→ **Work task**:
Leaving the pictures aside, transcribe only and exactly the lines from the one with "まず、吉野スギの容器に、箸工" through the end of the entries, both included.

→ **Records to use**:
• • •

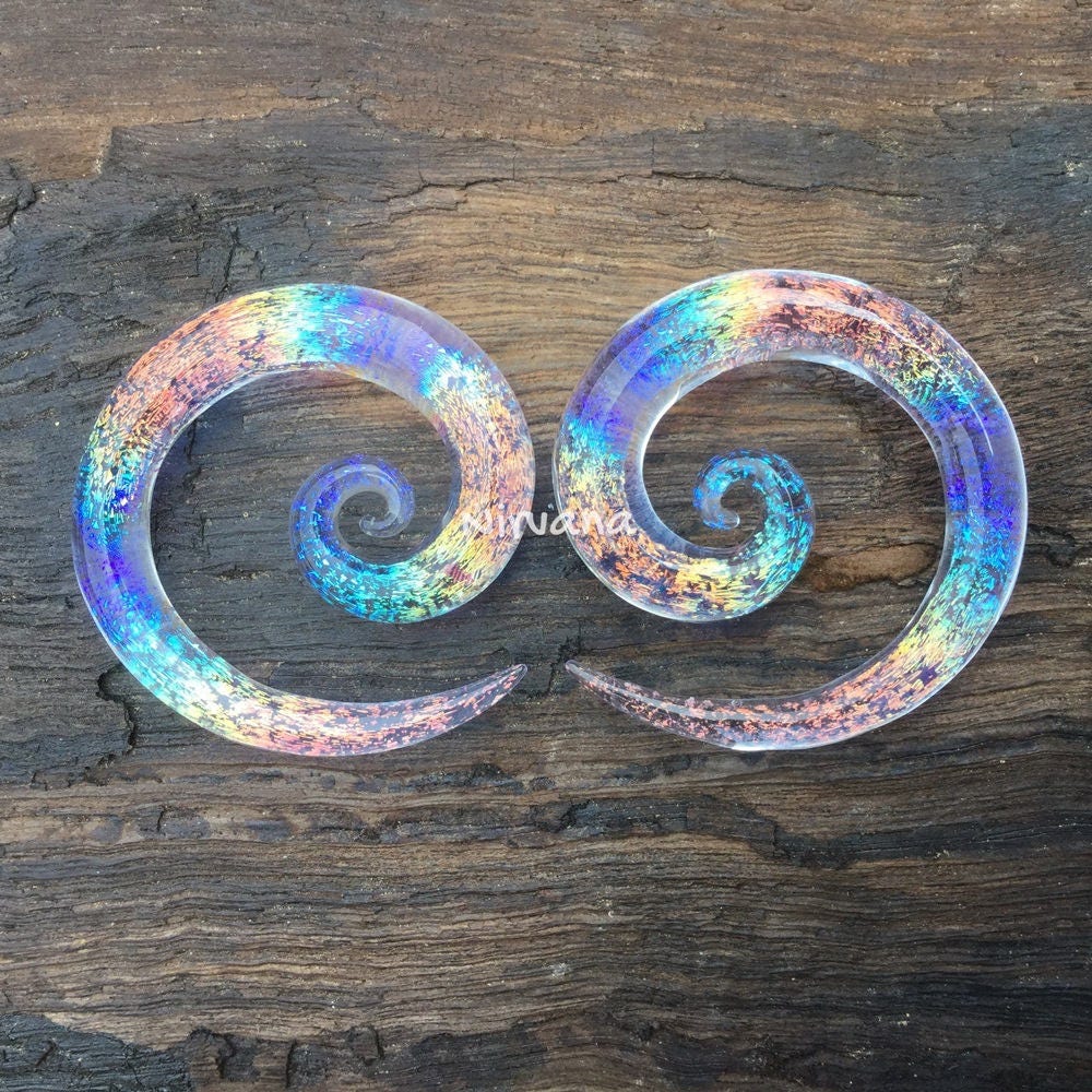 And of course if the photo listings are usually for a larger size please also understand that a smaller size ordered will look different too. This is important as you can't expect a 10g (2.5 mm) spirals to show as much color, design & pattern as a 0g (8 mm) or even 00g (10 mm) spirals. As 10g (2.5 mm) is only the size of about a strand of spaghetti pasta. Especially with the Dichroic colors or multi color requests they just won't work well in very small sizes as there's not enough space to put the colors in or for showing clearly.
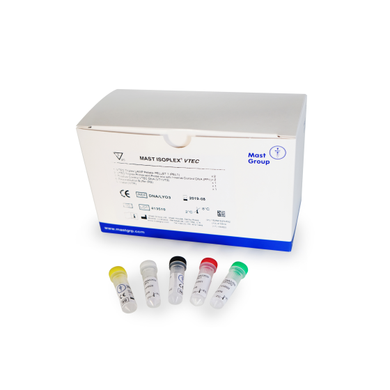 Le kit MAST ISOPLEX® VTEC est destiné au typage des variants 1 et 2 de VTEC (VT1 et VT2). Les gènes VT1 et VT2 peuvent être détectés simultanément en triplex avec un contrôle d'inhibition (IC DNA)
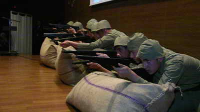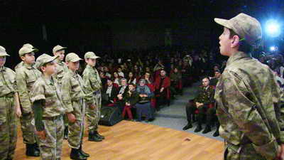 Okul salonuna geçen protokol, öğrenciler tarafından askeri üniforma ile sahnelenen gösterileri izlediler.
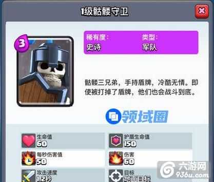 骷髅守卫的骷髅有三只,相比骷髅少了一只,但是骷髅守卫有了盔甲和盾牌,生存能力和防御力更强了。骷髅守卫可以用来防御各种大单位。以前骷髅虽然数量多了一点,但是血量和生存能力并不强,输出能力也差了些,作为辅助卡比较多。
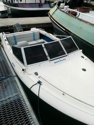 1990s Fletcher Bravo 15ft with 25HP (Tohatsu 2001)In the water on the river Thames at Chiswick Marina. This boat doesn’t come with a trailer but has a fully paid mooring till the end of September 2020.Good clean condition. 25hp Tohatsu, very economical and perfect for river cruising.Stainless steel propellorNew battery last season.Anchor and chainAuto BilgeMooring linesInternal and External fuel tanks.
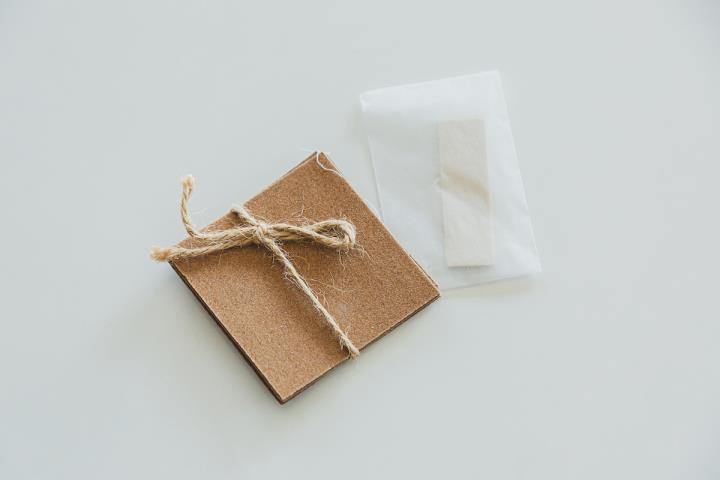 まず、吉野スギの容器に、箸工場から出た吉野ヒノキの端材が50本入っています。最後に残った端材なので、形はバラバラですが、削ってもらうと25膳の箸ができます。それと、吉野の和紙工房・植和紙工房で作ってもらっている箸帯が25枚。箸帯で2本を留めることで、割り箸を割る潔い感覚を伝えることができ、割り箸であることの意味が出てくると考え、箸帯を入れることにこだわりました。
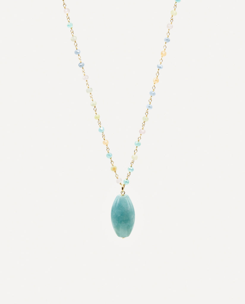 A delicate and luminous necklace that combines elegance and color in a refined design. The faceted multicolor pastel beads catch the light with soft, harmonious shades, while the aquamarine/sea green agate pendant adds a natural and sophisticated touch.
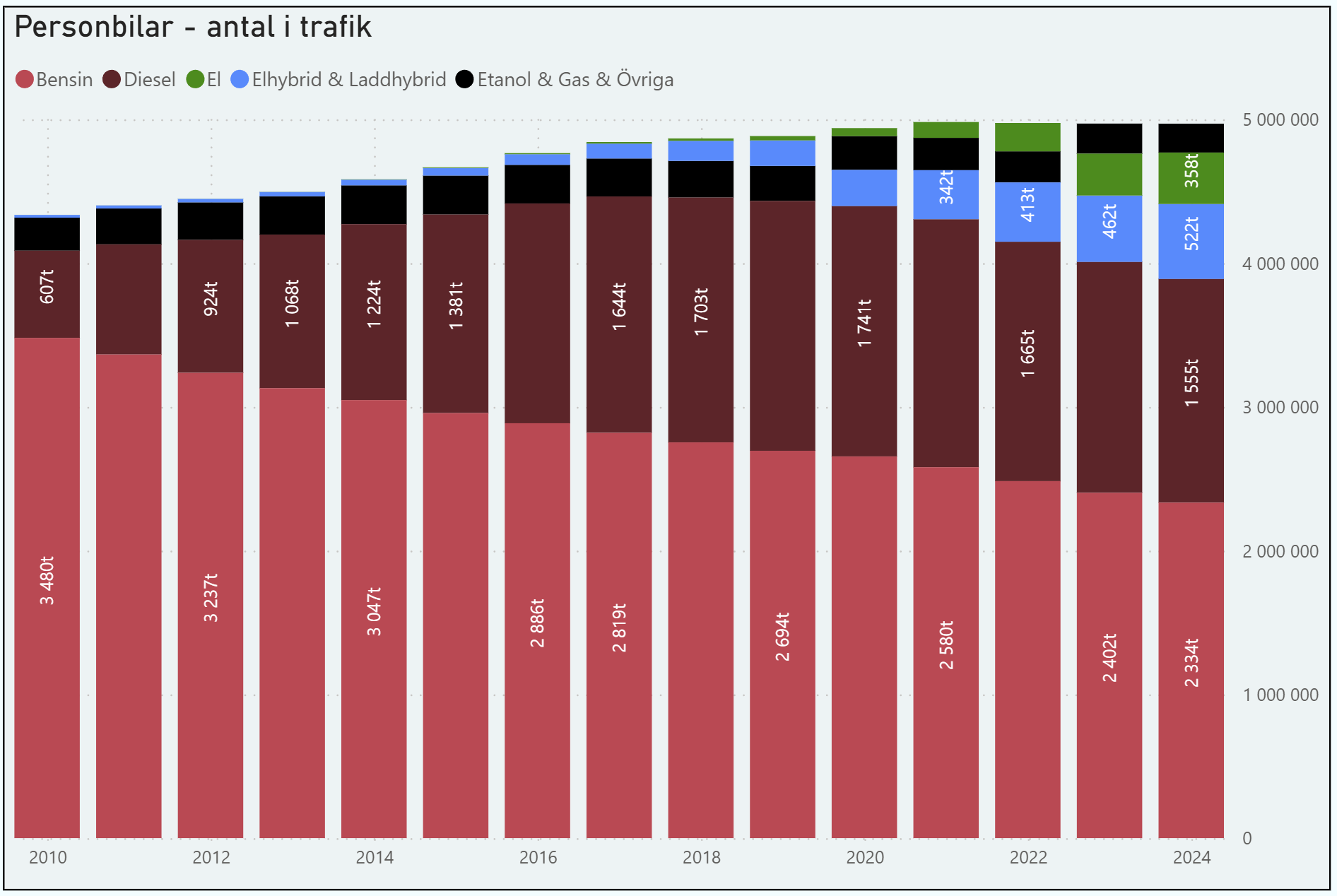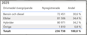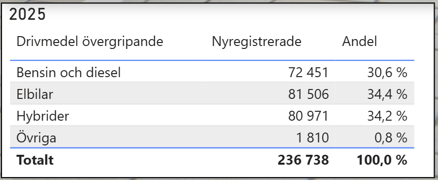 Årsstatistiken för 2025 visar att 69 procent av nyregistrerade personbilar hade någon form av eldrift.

• • •

→ **Answer section**:
 まず、吉野スギの容器に、箸工場から出た吉野ヒノキの端材が50本入っています。最後に残った端材なので、形はバラバラですが、削ってもらうと25膳の箸ができます。それと、吉野の和紙工房・植和紙工房で作ってもらっている箸帯が25枚。箸帯で2本を留めることで、割り箸を割る潔い感覚を伝えることができ、割り箸であることの意味が出てくると考え、箸帯を入れることにこだわりました。
 A delicate and luminous necklace that combines elegance and color in a refined design. The faceted multicolor pastel beads catch the light with soft, harmonious shades, while the aquamarine/sea green agate pendant adds a natural and sophisticated touch.
 Årsstatistiken för 2025 visar att 69 procent av nyregistrerade personbilar hade någon form av eldrift.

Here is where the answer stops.